Well, if the news couldn’t be any stranger, last week the President re-nominated the very same three people to be Board members: Dennis Dean Kirk, Andrew Maunz, and Julia Akins Clark. At FELTG, we were scratching our heads and wondering what the heck was going on because Senator Paul is still on the committee. While the committee is made up of 8 Republicans and 7 Democrats, a “no” vote by Senator Paul would result in a 7-7 tie and the nominees would not be advanced. If he decides to abstain, then the Republicans would have a one-vote advantage and the nominees would be advanced to the full Senate for a vote, where the Republicans have a 53-47 advantage. Or, maybe a Democrat or two on the committee plans to vote “yea” as was almost always the case in these types of bi-partisan boards and commissions until very recently.

Who knows? We can’t predict the future but we WILL keep you posted.


Amid all the shutdown talk, did you happen to see that EEOC no longer has a quorum of Commissioners? That’s right, out of a five-member commission only two remain because Commissioner Chai Feldblum was not re-confirmed. (Look elsewhere in this newsletter for details about that.) Last week the President re-nominated one person, Janet Dhillon, to serve as Commissioner but as of this writing, no confirmation hearing was scheduled.

The good(ish) news for you is that the lack of quorum at EEOC doesn’t have much impact at all on federal employees. The Office of Federal Operations, which is responsible for issuing decisions on EEOC Appeals, is still functional and Administrative Judges are still issuing decisions. Well, except not really … they’re all furloughed for now. So, if the government re-opens, EEOC will be mostly business as usual, besides, of course, the calendar nightmare of a month’s worth of missed hearings, pre-hearing conferences, etc.


Chairman Colleen Duffy Kiko, who heads up the Federal Labor Relations Authority, recently decertified the employee union at FLRA. She reasoned that by having a union at FLRA, the agency was actually violating the labor relations statute it was created to enforce; because employees at FLRA work with federal labor relations law they should be excluded from being in a union, per the language of the statute. How about that?

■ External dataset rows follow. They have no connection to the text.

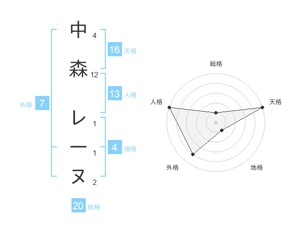 中森 レーヌさんを姓名の画数から五運を鑑定
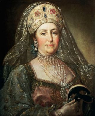 Fragment obrazu Christiny Robertson „Tatjana Wasiliewna Jusupowa (1769–1841)”. Księżniczka nosiła perłę jako kolczyk.
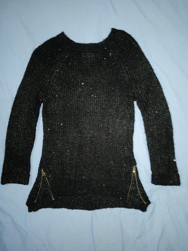 светр - туніка крупна в'язка з люрексом, дві блискавки внизу, оверсайз, довжина перед 70см, спина 75см, рукав від ворота 73см, по бирці s/m, але підійде на більше.30%вовни,70%акрила.стан ідеальний.
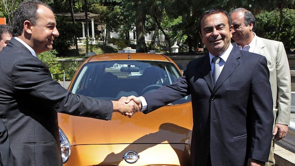 Renault/Nissan CEO Carlos Ghosn, right, and Rio governor Sergio Cabral shake hands in Rio de Janeiro on Thursday.SERGIO MORAES/Reuters
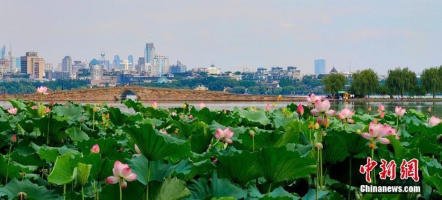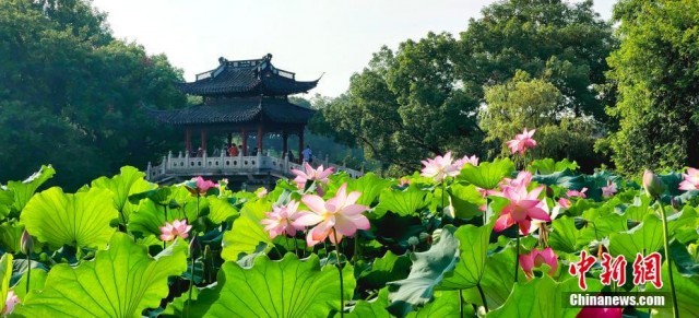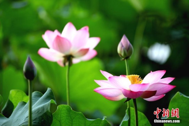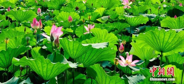 7月19日,浙江杭州西湖里,莲叶何田田,荷花已进入最佳观赏期。放眼望去,“接天莲叶无穷碧,映日荷花别样红”的景象尽收眼底。图为含苞待放和已盛开的西湖荷花。 江志清 摄

Our friends over at FedSmith have written about this in detail, if you’re interested in the nitty gritty.


The federal government’s central HR office, while itself partially impacted by the furlough, has offered some guidance on this (ridiculous) shutdown, including topics such as what happens to leave accrual for furloughed employees (spoiler alert: it stops) and how healthcare and retirement benefits are impacted.

Late in December, you may have seen that OPM posted template letters for federal employees impacted by the shutdown – letters that requested landlords allow tenants to barter services such as painting and landscaping in exchange for reduced rent. As you can imagine, it did not go over well, and OPM quickly withdrew the letters, stating that they were posted by mistake.


The U.S. Office of Special Counsel (not to be confused with Special Counsel Robert Mueller’s team) is closed during the shutdown. Its website has still been accepting online complaints but a disclaimer states that the complaints likely won’t be reviewed until after OSC reopens. So, whistleblowers can file but they won’t see an investigation until this all ends.


The federal unions, including NTEU, NATCA, and AFGE, are keeping busy with a lot to challenge, most specifically the fact that nearly half a million federal employees have been required to work without pay for almost a month. I saw an argument in a district court filing that said the requirement to work without pay was akin to involuntary servitude, which is a violation of the Thirteenth Amendment’s prohibition against slavery. NTEU is also challenging the recalls to work that were more recently issued to more than 40,000 IRS employees who were not considered essential in December but are being required to work without pay now.

So, there you have it. People usually start a new year with excitement and hope, but this one is sure giving us all some challenges.

At FELTG, we are doing our best to stay positive and stay available to answer your questions, provide you with content, and even do some training while we wait for the world to right itself again.